Stochastik-Strategien für Aktien
1. Überkauft/Überverkauft-Umkehrstrategie
Der klassische Ansatz: Warte, bis der Stochastik in den überverkauften Bereich (unter 20) eintritt, und steige dann long ein, sobald %K wieder über %D kreuzt. Schließe die Position, wenn der Stochastik überkauft (über 80) ist und eine bärische Kreuzung erscheint.
Diese Strategie funktioniert am besten in seitwärts laufenden, trendlosen Märkten. In einem starken Aufwärtstrend können überverkaufte Werte kaum auftreten.
2. Stochastik + Trendfilter
Kombiniere den Stochastik mit einem trendfolgendem Indikator wie einem 50- oder 200-Perioden-Gleitenden-Durchschnitt:
- Im Aufwärtstrend — achte nur auf bullische Kreuzungen (Kaufsignale). Ignoriere bärische Kreuzungen.
- Im Abwärtstrend — achte nur auf bärische Kreuzungen (Verkaufs-/Short-Signale). Ignoriere bullische Kreuzungen.
Dieser Filter reduziert Fehlsignale aus gegenläufigen Trades erheblich.
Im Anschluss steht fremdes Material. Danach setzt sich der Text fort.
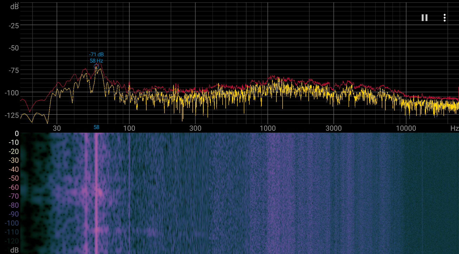 В целом этот ПК не является шумным устройством. Даже под максимальной нагрузкой характер шума более-менее ровный и раздражения не вызывает, но неприятно то, что с периодичностью в минуту или около того шум то повышается, то понижается. Спектрограмма, полученная при максимальной нагрузке на процессор (период с 33,8 дБА), в основном ровная, и в диапазоне частот, где звуки могут вызывать особенное раздражение, выраженных пиков нет (низкочастотными пиками можно пренебречь):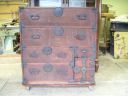分厚い欅材に鶴の金具という縁起の良い組み合わせで仕立てられた仙台箪笥です。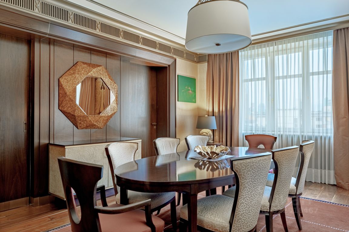В квартире выполнена премиальная отделка в стилистике современного ар-деко с использованием натуральных материалов (мрамор, дерево, на полу - дубовый паркет). Установлена мебель, техника и сантехника от ведущих мировых брендов.

3. Stochastik + RSI-Bestätigung
Wenn Stochastik und RSI übereinstimmen, ist das Signal stärker:
- Beide unterhalb ihrer überverkauften Schwellen (Stochastik < 20, RSI < 30) → stärkeres Kaufsignal
- Beide oberhalb ihrer überkauften Schwellen (Stochastik > 80, RSI > 70) → stärkeres Verkaufssignal
Zwei Momentum-Indikatoren gemeinsam zu nutzen verringert die Gefahr, auf das Rauschen eines einzelnen Indikators zu reagieren.
Häufige Fehler
Bei jedem Signal in einem starken Trend handeln. In einem anhaltenden Aufwärtstrend kann der Stochastik lange über 80 verbleiben. Wer jeden überkauften Wert verkauft, häuft häufige Verluste an. Prüfe immer zuerst den übergeordneten Trend.
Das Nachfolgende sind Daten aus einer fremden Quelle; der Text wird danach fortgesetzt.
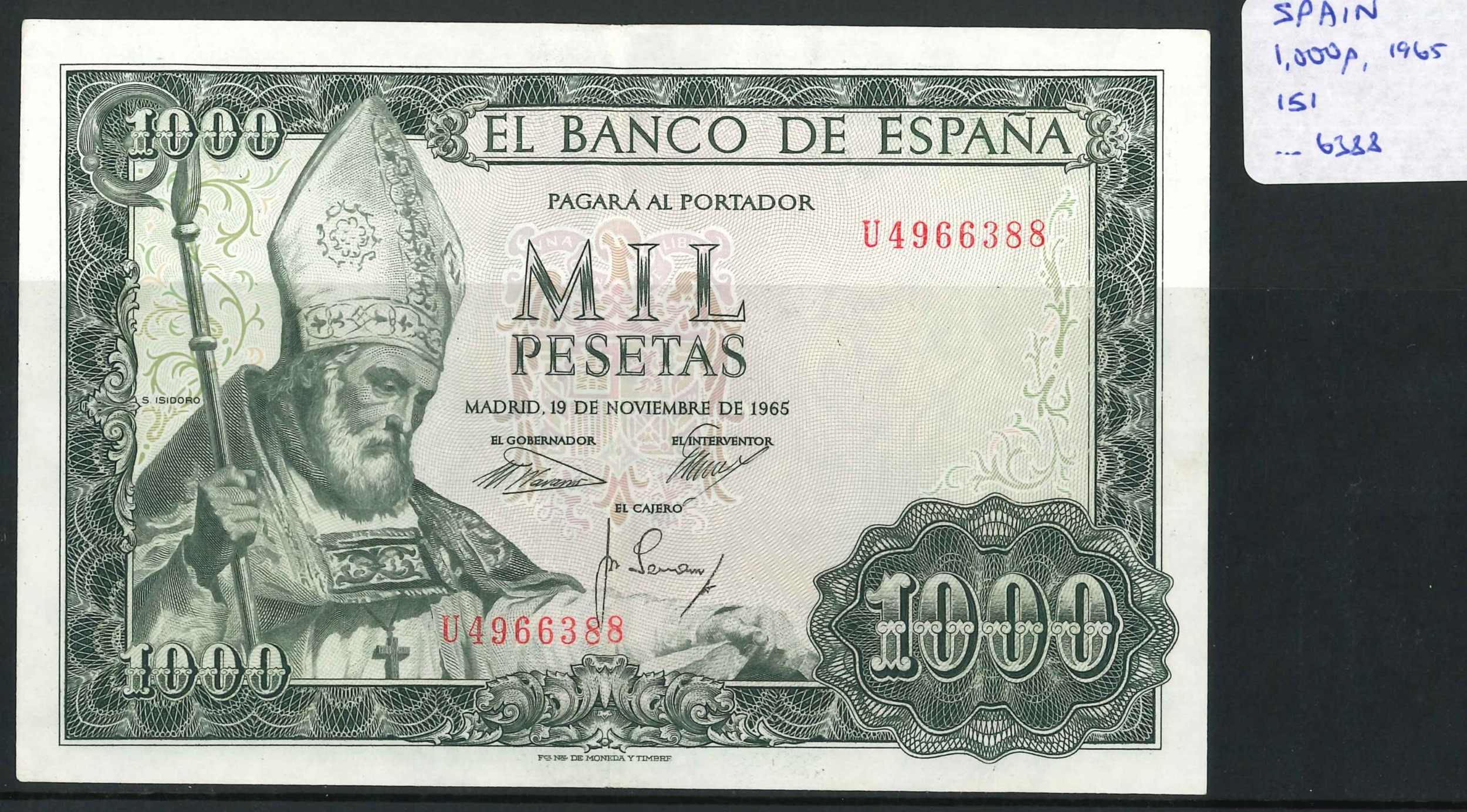 Banknotes; Spain; 1965 (1971) 1,000 pesetas about EF, Krause 151.

Den übergeordneten Trend ignorieren. Der Stochastik ist in Seitwärtsmärkten am zuverlässigsten. Wird er in einem starken Trend isoliert eingesetzt, führt das zu verfrühten Ein- und Ausstiegen.
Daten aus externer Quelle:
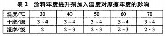 陽離子涂料藍用量為15%,涂料牢度提升劑DM一2592用量10g/L,于不同溫度加人涂料牢度提升劑,保溫20rain,脫水,烘干,分別測定染色織物摩擦牢度,結果見表2。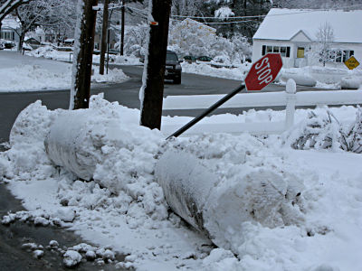 | These folks didn't bother shoveling their driveway, preferring to just blast through it with their SUV. Once this gets rained on and refreezes, they'll probably regret not doing the work. |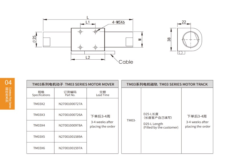 | TM 24系列圓柱形直線電機(jī)參數(shù)PARAMETERS OF TM 24 SERIES MOTOR | |||||||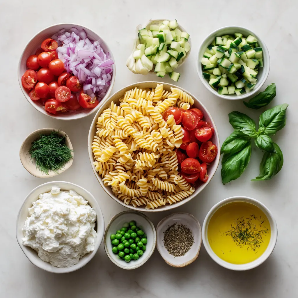 When I make this creamy summer pasta salad, I find joy in its simple ingredients. Each part plays a role in the dish’s vibrant flavors and textures.

Standardeinstellungen blind vertrauen. Die 14-Perioden-Einstellung ist ein Ausgangspunkt, keine Regel. Kürzere Perioden (z. B. 5) machen den Indikator empfindlicher; längere Perioden (z. B. 21) glätten ihn. Passe die Einstellungen an den Zeitrahmen und das Handelsinstrument an.
Fazit
Der Stochastik-Oszillator ist ein vielseitiges Momentum-Werkzeug, das Tradern hilft, potenzielle Wendepunkte zu identifizieren, Einstiege präziser zu timen und zu vermeiden, Kurse an Extremen hinterherzulaufen. Wie jeder Indikator entfaltet er sein Potenzial am besten in Kombination mit Trendanalyse, Kurskontext und Bestätigungssignalen.